In this study, 5 h of hypoxia combined with compression applied mild to moderate damage to MBEC by reducing cell number/viability and metabolic activity, while increasing LDH release and total NO production. In detail, when examining 1 h compression during a period of 5 h normoxia followed by 2 h reoxygenation, we observed only small damage, as we did not see a difference to normoxia-exposed cells in total NO production. Moreover, as the injury was very small, the results in LDH release, metabolic activity, and cell number/viability varied from a small, but a significant injury to not significant results. This implies that concordant with Meyer et al., compression administered during normoxic conditions injures the cell inconsistently. Consequently, not every assay and set of data displayed similar significances [27]. However, the effect of hypoxia was consistent through all groups and assays, as the cell number/viability, metabolic activity, LDH release, and total NO production of hypoxia exposed MBEC was significantly lower than the values of normoxia-exposed cells. Similarly, the extent of the injury after hypoxia combined with compression was different from control in cell number/viability, metabolic activity, LDH release, and total NO production. However, compression was not consistently able to further amplify the amount of injury produced by hypoxia alone. While the combination of hypoxia and compression did enhance cellular damage observed after hypoxia alone in cell number/viability, metabolic activity, and total NO production, we were not able to observe the same effect for LDH release.

Additional to 5 h hypoxia, we also applied hypoxia for 15 h, while keeping the time of compression constant. In this set of experiments, we evaluated 15 h of hypoxia as extreme damage, to study the potential effects of treatment in severely damaged cells. Here, we found that compression administered at the beginning of a 15 h period of normoxia reduced cell number/viability and metabolic activity compared to control. The long duration of hypoxic conditions was able to powerfully reduce cell number/viability and metabolic activity while increasing LDH release. Similarly, hypoxia combined with compression decreased cell number/viability and metabolic activity and enhanced LDH release compared to normoxic cells. Still, compression was only able to further accelerate injury sustained by exposure to hypoxia in cell number/viability, not in LDH release and metabolic activity. A possible explanation might be that 15 h of hypoxia alone already caused a massive release of LDH and reduction in metabolic activity, not allowing further enhancement through the addition of short-lived compression. However, as the additional effect of compression in hypoxic cells was also not visible in LDH release after 5 h, it is possible that compression did not affect LDH release appropriately in MBEC. The results of Meyer et al. indicate that this cannot be transferred to neurons, suggesting an endothelial response to this kind of injury [27].

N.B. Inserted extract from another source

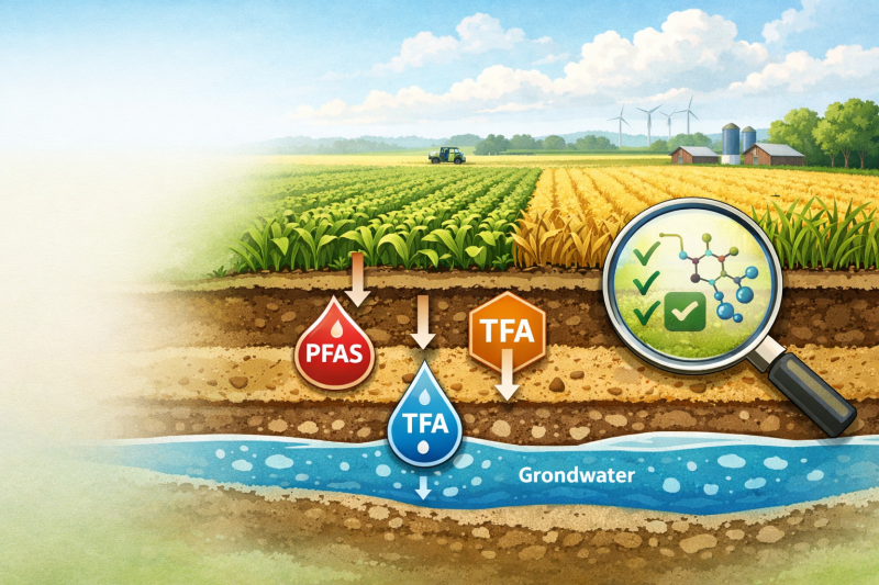CLM heeft in opdracht van zeven provincies en Vewin het gebruik en de risico’s van PFAS-pesticiden en afbraakproducten zoals TFA in 2025 verder onderzocht. TFA (trifluorazijnzuur) is een afbraakproduct van PFAS-verbindingen, ook van diverse PFAS-pesticiden, en is zelf ook een PFAS-verbinding. Ook de kans op ophoping in en verontreiniging van de landbouwbodem was onderdeel van het onderzoek. Het rapport daarover vindt u hier. Daarnaast is de eerder uitgebrachte flyer ‘Overzicht van PFAS-pesticiden in de Nederlandse landbouw’ geüpdatet.

Based on these results, the model was utilized to apply treatment and to test the hypothesis that P188 exerts its protective effect in TBI and I/R injury through endothelial stabilization. P188 protects various cell types, including coronary endothelial cells, from I/R injury [13,14,21,32]. Moreover, P188 was found to have a beneficial effect in simulated stroke, TBI, and hemorrhagic injury models conducted in vitro [15,16,17,18,19,20,33,34,35] and in vivo [21,23,36,37]. Furthermore, P188 protected cells against excitotoxic injury [38,39,40,41]. Recently, Meyer et al. conducted a study with primary neuronal cell cultures applying a similar injury mechanism as in this protocol but failing to find a neuroprotective effect of P188 [27]. However, P188 does also influence other cell types than neurons. For example, implantation of an electrode covered with P188 reduced inflammation around the implanted device, compared to no cover [42]. Similarly, Zhang et al. described an anti-inflammatory effect of P188 on microglia/macrophages and astrocytes [36]. Interestingly, P188 was also anti-inflammatory in a dopaminergic neuron degeneration model [43]. These studies implicate that the neuroprotective effect of P188 exceeds direct neuronal protection. This is further strengthened by the direct protective effect of P188 on astrocytes in vitro [20]. Besides the effect on inflammatory cells, P188 was able to be advantageous in an in vitro blast-TBI model using primary brain microvascular endothelial cells [19], emphasizing a possible role of endothelial cells in neuroprotection. Furthermore, the BBB is thought to be of major importance in the development of TBI [44]. Besides improved cerebral blood flow in vivo following P188 treatment [45], P188 may have the ability to restore harmed plasma membranes of all cells comprising the neurovascular unit [23], which in fact may contribute majorly to its protective mechanism [24]. Therefore, we aimed to investigate whether P188 also exerts its protective effect in TBI and I/R injury through endothelial stabilization.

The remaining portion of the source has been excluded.